Other then these two cases I think the results are good.

xazax.hun added inline comments.Nov 12 2015, 1:37 AM
lib/StaticAnalyzer/Checkers/PointerArithChecker.cpp
28 ↗(On Diff #38813)

I think this way it is more explicit that we are not going to reason about PlacementNew and OverLoadedNew. Turning this information into comments and reduce the number of elements of the enum is fine. I am going to do that.

Storing information only for singletons or only for arrays seems like a good idea for me. However it is possible that there are more pointers for single objects than arrays? In this case it would be better to store data only for "good" pointers.

AllocationFamily does not distinguish placement and overloaded new for instance. The current approach to this checker is to be conservative and do not try to reason about them. Other than that in the future I planned to add heuristics when a malloc call is likely to allocate and array and when it is likely to allocate a single object (heuristics on the AST). The AllocationFamily do not distinguish these cases.

29 ↗(On Diff #38813)

What about SingleObjectNew? Currently this checker does not reason about malloced pointers, because it does not distinguish the case where the malloc is used to allocate an array and where it is used to allocate a single object. I was planning to do this classification based on some heuristics on AST matching.

88 ↗(On Diff #38813)

I will change that, thanks.

137 ↗(On Diff #38813)

I will rewrite it without recursion and check the results but I suspect that you are right.

150 ↗(On Diff #38813)

I will enumerate the rest of the kinds here.

198 ↗(On Diff #38813)

Sure, I will try to come up with something.

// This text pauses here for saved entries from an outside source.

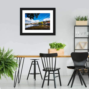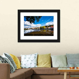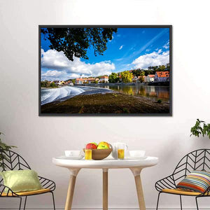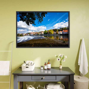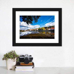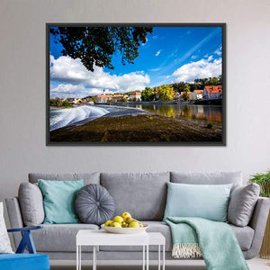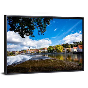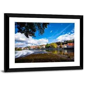 Landsberg Am Lech In Autumn shows a realistic riverside town scene with trees in autumn tones, red-roofed buildings, and water cascading over a dam under white clouds. The wide-angle, rule-of-thirds composition feels serene yet vibrant and picturesque. Suited as wall decor in modern or nature-focused living spaces.
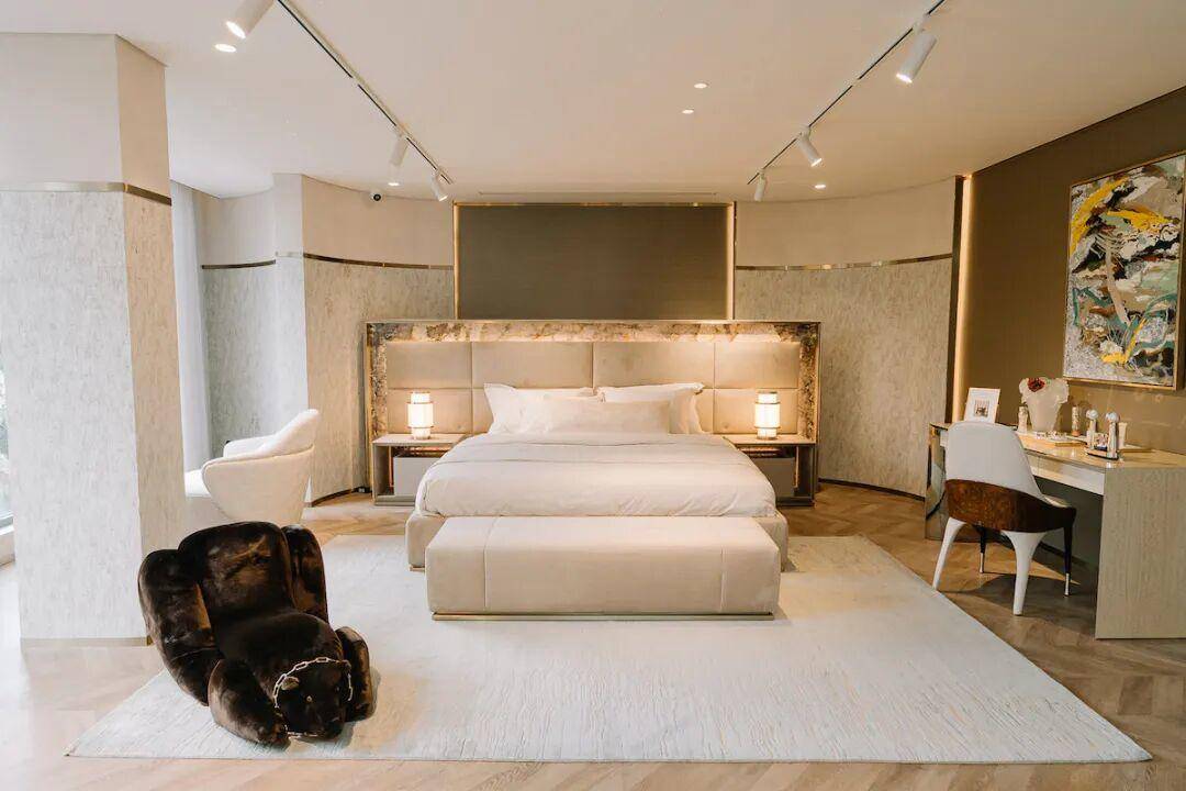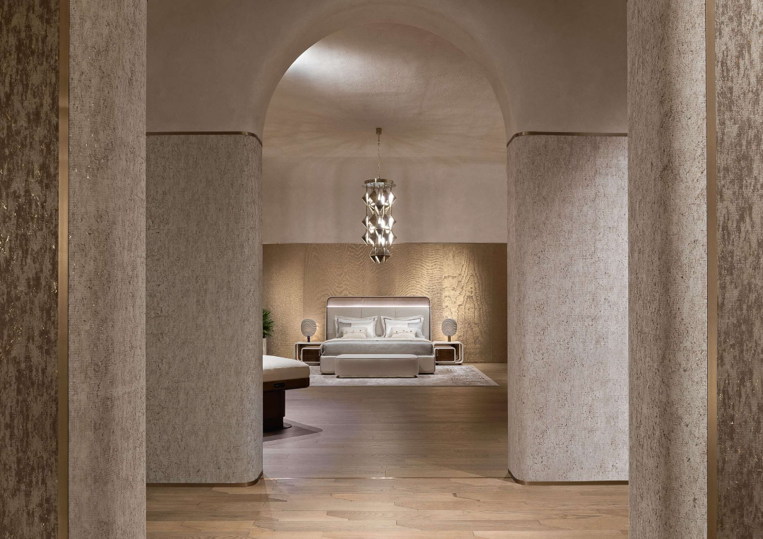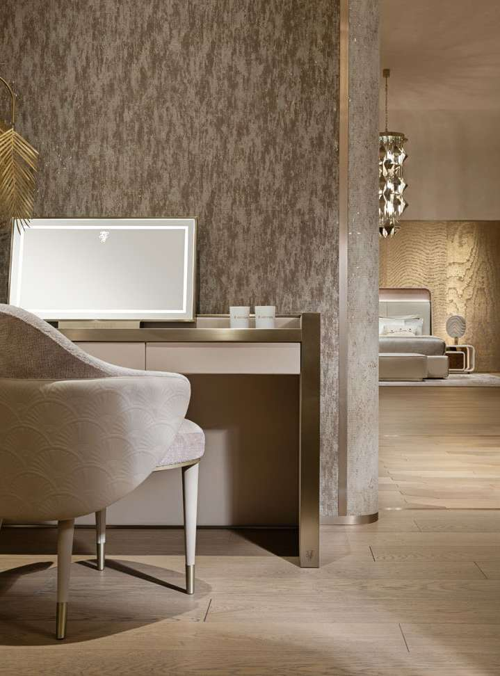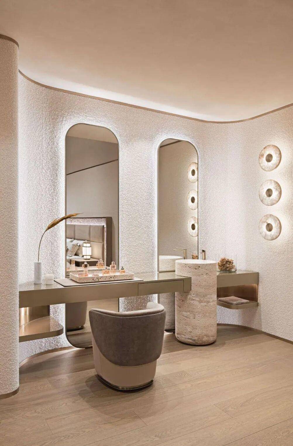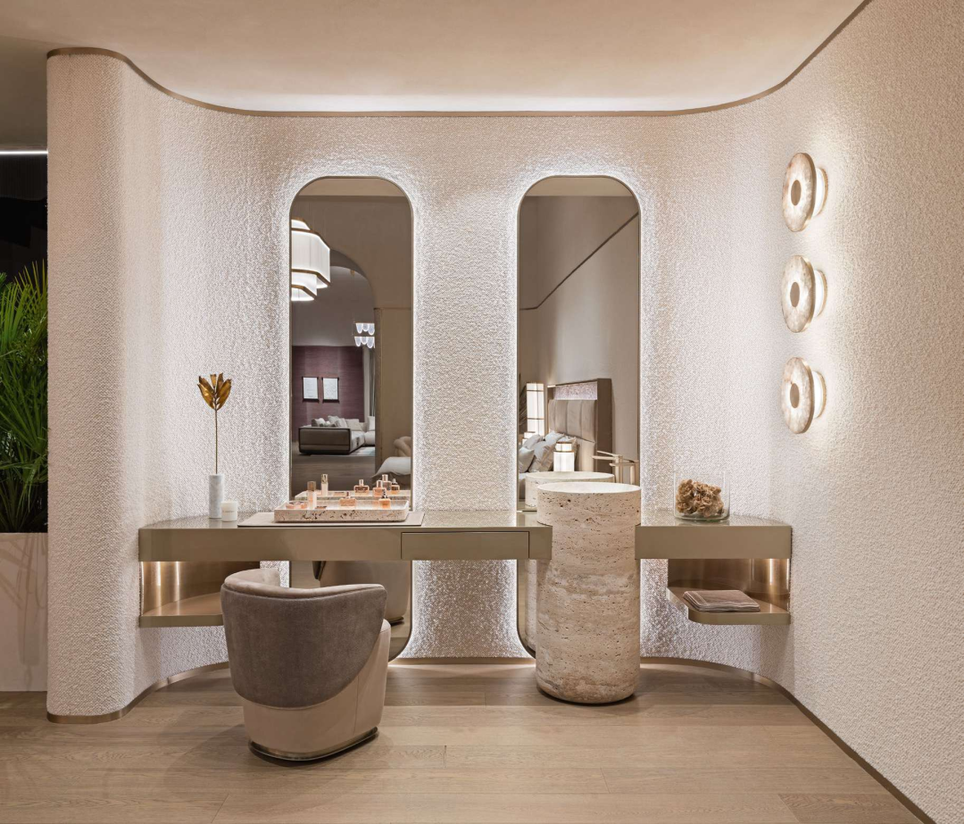 Adele系列的单椅与梳妆凳在Visionnaire展陈中,与同由Marco Piva设计的Tharis梳妆台、Abbey壁灯,以及Lafitte梳妆台等作品共同展出,构成完整的生活场景。此外,在品牌位于迪拜棕榈岛Villa Albero项目及越南独立门店等实案中,也能看到Adele扶手椅与品牌其他标志性产品和谐共处,展现了其在不同空间语境中的适配能力。
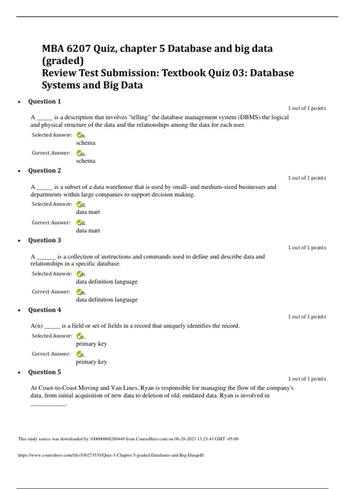 MBA 6207 Quiz, chapter 5 Database and big data (graded)
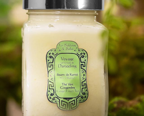 Másla Karité, Másla Karité, Péče o tělo, Péče o vlasy, Voyage sur la route de Darjeeling100% máslo Karité La Sultane de Saba, delikátně provoněné přírodními esencemi zeleného čaje a zázvoru. Máslo Karité má regenerační a reparační účinky díky přirozenému obsahu vitamínů A, D, E a F. Máslo Karité zpevňuje, ochraňuje, vyživuje a zjemňuje pokožku. Nezbytné pro extrémně suchou pleť celého těla. 100% másla Karité La Sultane de Saba jsou zpracována v první kvalitě jakosti.
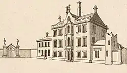 It housed a boys school by 1789 ran by Reverend Charles Barry and was later demolished around 1840 and replaced with Palmerston Park.[4] A nearby successor school was the later Rathmines School.

xazax.hun updated this revision to Diff 41022.Nov 24 2015, 4:20 AM
xazax.hun edited edge metadata.
xazax.hun marked 11 inline comments as done.
  • Fixed some of the review comments.
  • Updated to latest trunk.
xazax.hun added inline comments.Nov 24 2015, 4:23 AM
lib/StaticAnalyzer/Checkers/PointerArithChecker.cpp
28 ↗(On Diff #41022)

In case, there is a pointer to the stack allocated variable, nothing will be stored in the GDM.
The result of a new is a symbolic region, but there are other ways to get a symbolic region, e.g. a pointer as an argument to a top level function. In order to distinguish these cases I think I need to store something to the GDM. But I will think a bit more, whether there is a way to reduce the GDM usage.

150 ↗(On Diff #38813)

I checked and there are more kinds than what I think is worth enumerating.

dcoughlin accepted this revision.Feb 22 2016, 9:30 AM
dcoughlin edited edge metadata.

Other than a suggested diagnostic rewording to consider, looks good to me. Thanks Gábor!

lib/StaticAnalyzer/Checkers/PointerArithChecker.cpp
198 ↗(On Diff #41022)

Here is a suggestion to reword: "Pointer arithmetic on non-array variables relies on memory layout, which is dangerous."

This revision is now accepted and ready to land.Feb 22 2016, 9:30 AM
This revision was automatically updated to reflect the committed changes.